Если я хочу представить себе девственную тайгу, то каждый раз мысленно переношусь в долину реки Синанцы. Кроме обычных ясеня (Fraxinus manshurica Rupr.), берёзы Эрмана (Betula ermani Cham.) и ольхи (Alnus incana L.), здесь произрастали: аянская ель (Picea ajanensis Fisch) — представительница охотской флоры, лён с красными ветвями (Acer ukurunduense Tr. et Mey.), имеющий листву как у неклена, затем черёмуха Маака (Padus maackii Rupr.) с жёлтой берестой, как у берёзы, и с ветвями, пригнутыми к земле, над чем немало потрудились и медведи, и наконец, в изобилии по берегам реки ивняки (Salix acutifolia Wild.), у которых молодые побеги имеют красновато-сизый оттенок.
Подлесье состояло из всевозможных кустарников, между которыми следует отметить колючий крыжовник (Ribes burejense Fr. Schmindt) с весьма мелкими закруглёнными мохнатыми листьями и белый дёрен (Cornus alba L.) с гибкими длинными ветвями и ланцетовидными листьями, сверху тёмно-зелёными, снизу белесоватыми.

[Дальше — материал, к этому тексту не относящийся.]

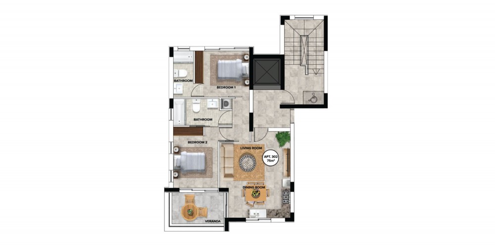 The project is located just a few kilometres from a sandy beach Lady’s Mile. It is in a quiet neighborhood, close to the stores, restaurants and supermarkets. The building’s location also allows easy access to the highway.

Вверху ветви деревьев переплелись между собою так, что совершенно скрыли небо. Особенно поражал своими размерами тополь (Populus suaveolens Fisch.) и кедр (Pinus koraiensis S. et ?.). Сорокалетний молодняк, растущий под их покровом, казался жалкою порослью. Сирень (Syginga amurensis Rupr.), обычно растущая в виде кустарника, здесь имела вид дерева в пять саженей высоты и в два фута в обхвате. Старый колодник, богато украшенный мхами, имел весьма декоративный вид и вполне гармонировал с окружающей его богатой растительностью.
Густой подлесок, состоящий из чёртова дерева (Eleutherococcus senticosus Maxim.), виноградника (Vitis amurensis Rupr.) и лиан (Schizan-dra chinensis Baili.), делает места эти труднопроходимыми, вследствие чего нагл отряд подвигался довольно медленно: приходилось часто останавливаться и высматривать, где меньше бурелома, и обводить мулов стороною.
В этот день Н. А. Десулави отметил в своём дневнике растущие в сообществе следующие цветковые и тайнобрачные растения: клинтонию (Clintonia udensis Tr., et Mey.) с крупными сочными листьями и белыми цветами на длинном стебельке; гнездовку (Neottia nidus avis Kich.), украшенную многочисленными ароматичными фиолетовыми цветами; козелец (Scorzonera albicaulis Bge.) — высокое растение с длинными сидящими листьями и с беловато-жёлтыми цветами; затем папоротник (Nephrodium meuspinulosum Diels.), большие ажурные листья которого имеют треугольную форму и по первому впечатлению напоминают листья орляка (Pteris) и Athyrium felix-femina Roth — тоже с отдельными большими листьями, форма которых непостоянна и меняется в зависимости от окружающей их обстановки.